— И чужие тоже, папа?
— Да, и чужие.
— А почему некоторые просто так стоят, не помогают?
— Вероятно, они не могут.
— А некоторые даже вредят.
— Как это — вредят?
— Отец Гонзика говорил, что однажды во время пожара все разокрали.
— Это только подлецы крадут.
— Ты таким не стал бы помогать, правда?
— Конечно. Они не заслуживают того, чтобы им помогали. Но огонь гасить все равно надо, чтобы он не перекинулся на другие дома.
— А он уже перекинулся на другой дом.
— Что, разве горит уже второй?
— Да, горят два дома, — подтвердил Гонзик.
— Значит, и Прохазка горит, — сказал отец.
Он хотел немедленно вернуться домой.

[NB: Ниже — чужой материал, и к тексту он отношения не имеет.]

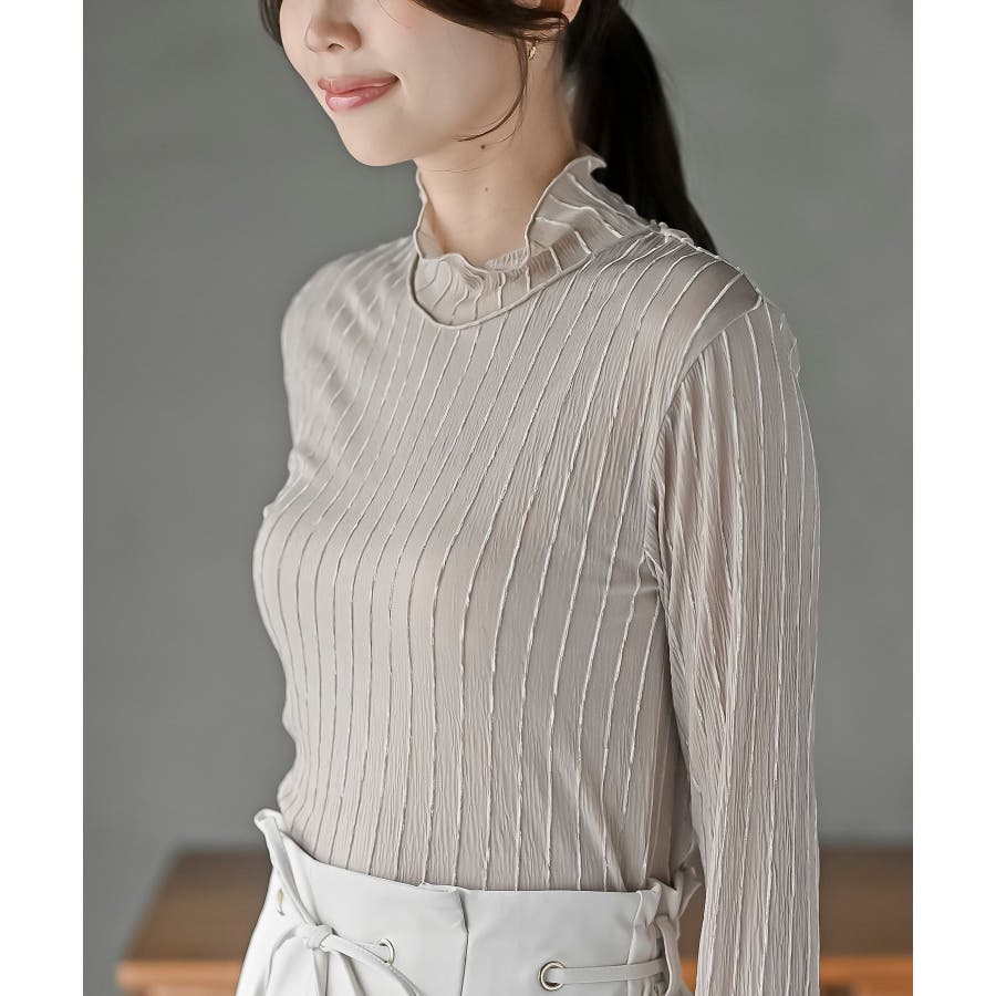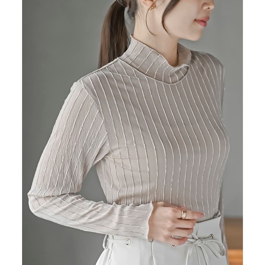 シアーストライプハイネックカットソー

Пора, мол, выносить вещи. Но товарищи уговорили его. Убедили, что опасности нет, что огонь так далеко все-таки не дойдет. А потом вскоре все услышали утешительную новость, что городские пожарники пустили в ход мощную паровую пожарную машину. Теперь дело должно было пойти гораздо быстрее.
— А где стоит паровая машина? — спросил Бобеш.
— На другой стороне, за мостом.
— Можно я туда пойду, папа?
— Не ходи, оставайся здесь. Или погоди… мы пойдем туда вместе. Я и сам хочу на нее поглядеть.
Гонзик пошел вместе с ними.
— А где дедушка? — спрашивал Бобеш по дороге отца.
— Дедушка? Он помогает пану Вашеку выносить вещи. — Нет, я его там не видел.
Когда подошли к паровой пожарной машине, Бобеш удивился, до чего же похожа она на паровоз. Отец объяснил ему, как она работает.
— И люди на ней не так устают, правда, отец?
— Конечно, здесь не то что вручную.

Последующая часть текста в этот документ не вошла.